NEWS

Olympics chief rebuffs lewd claims

By Karolos Grohmann - Reuters

A clutch of complaints by US viewers that the Athens Olympics opening ceremony featured lewd nudity has incensed the Games chief, who warned American regulators to back off from policing ancient Greek culture. Gianna Angelopoulos-Daskalaki warned the Federal Communications Commission watchdog, sensitive after a deluge of outrage when singer Janet Jackson's breast was exposed at a Super Bowl game, not to punish NBC television that aired the Games. Male nudity, a woman's breast and simulated sex were the subjects of shrill complaints about the opening ceremony on August 13, which were posted by the FCC on its website. «Far from being indecent, the opening ceremonies were beautiful, enlightening, uplifting and enjoyable,» Angelopoulos-Daskalaki wrote in a weekend commentary in the Los Angeles Times titled «Since When is Greece's Culture Obscene?» «Greece does not wish to be drawn into an American culture war. Yet that is exactly what is happening,» she said. Complaints focused on a parade of actors portraying naked statues. Among them were the Satyr and the nude Kouros male statues, both emblems of ancient Greece's golden age. Created by modern Greek choreographer Dimitris Papaioannou and broadcast in the United States by NBC, the opening ceremony was credited with giving the Games a vitally successful start. «We also showed a couple enjoying their love of the Greek sea and each other. And we told the history of Eros, the god of love. Turning love, yearning and desire into a deity is an important part of our contribution to civilization,» Angelopoulos-Daskalaki said.
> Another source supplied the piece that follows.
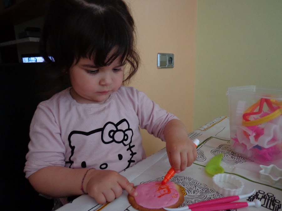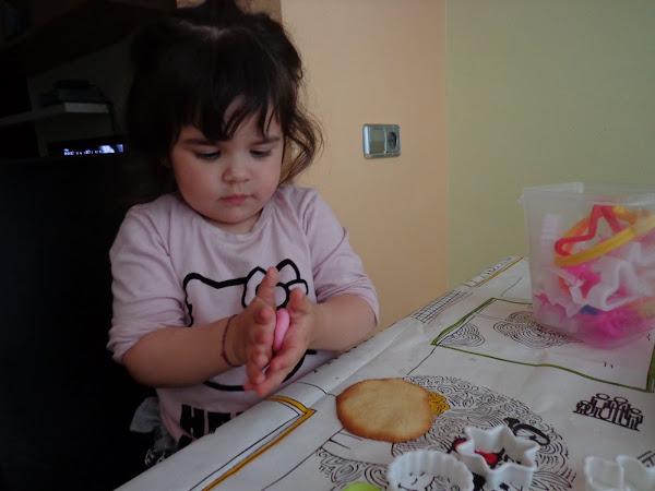 Mirar si es fácil que hasta mi cocinitas de 2 años le gusta ponerse conmigo a decorarlas, eso si, el fondant llega de milagro pues no para de comérselo.

The FCC, whose authority only extends to US media, has said it is looking into complaints but it was not clear whether a formal investigation would be launched. The former Athens 2004 chief, who said the handful of US complaints were dwarfed by the 3.9 billion people who watched the ceremony, had a blunt message. «As Americans surely are aware, there is great hostility in the world today to cultural domination in which a single value system created elsewhere diminishes and degrades local cultures,» she said in her commentary. «In this context, it is astonishingly unwise for an agency of the US government to engage in an investigation that could label a presentation of the Greek origins of civilization as unfit for television viewing.»